#### Activity:
Your output consists solely of the lines from the one that contains "積み上げグラフは、複数の要素" to the end of the material, each reproduced exactly; pictures do not belong in it.

#### Dataset content:
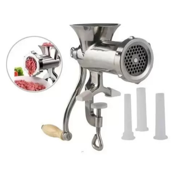 Construção sólida em alumínio resistente com fixação forte por morsa. Lâmina de aço inoxidável e disco de 12mm em ferro fundido estanhado oferecem corte preciso, moagem uniforme e longa durabilidade. Kit versátil: moa carnes para hambúrgueres/almôndegas, produza embutidos com 3 funis (linguiça/salsicha/salame) e crie biscoitos com o modelador. Também ideal para purês de legumes e frutas. Design 100% desmontável para limpeza profunda após cada uso. Dimensões compactas (27x11x26.5cm), peso leve (2.2kg) e acabamento em spray com punho de madeira. Ferramenta essencial para chefs domésticos ou pequenos produtores que buscam frescor, economia e resultados profissionais na cozinha.
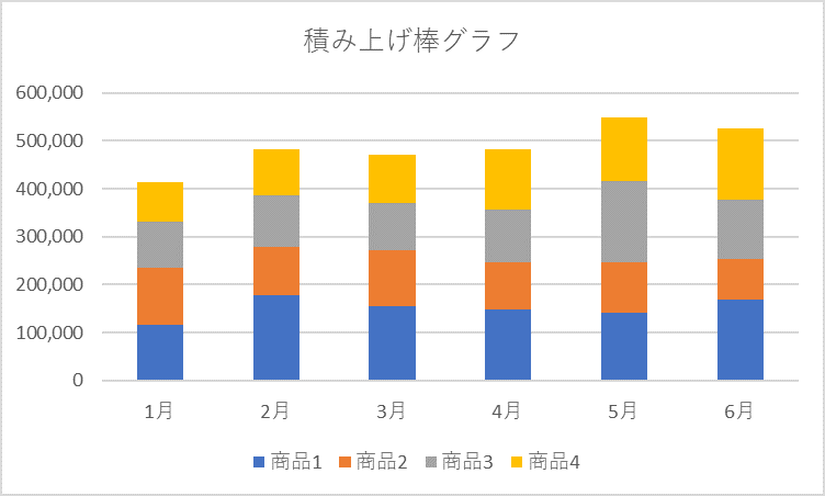 積み上げグラフは、複数の要素を1つの縦棒に積み上げて表示させます。合計に対してそれぞれの要素がどれくらいの割合になっているかが、色分けにより感覚的に分かります。
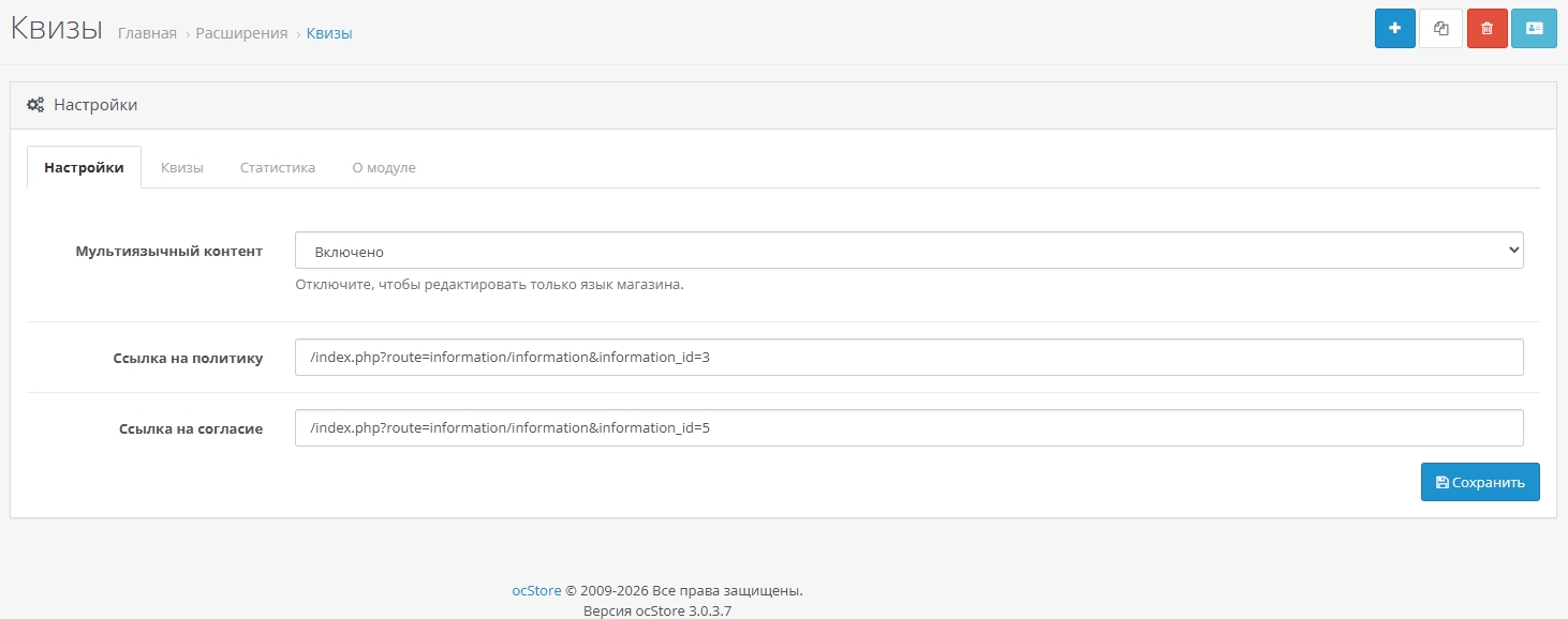 4. Перейдите в раздел «Расширения» → «Модули», найдите «Квизы» и настройте.
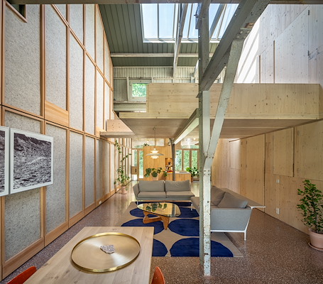 Interieur met wol, CLT en terrazzo van grafmonumenten
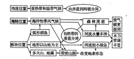 5、单选题 读图“某岛国地理环境要素关系图”,完成问题。

#### Expected output:
 積み上げグラフは、複数の要素を1つの縦棒に積み上げて表示させます。合計に対してそれぞれの要素がどれくらいの割合になっているかが、色分けにより感覚的に分かります。
 4. Перейдите в раздел «Расширения» → «Модули», найдите «Квизы» и настройте.
 Interieur met wol, CLT en terrazzo van grafmonumenten
 5、单选题 读图“某岛国地理环境要素关系图”,完成问题。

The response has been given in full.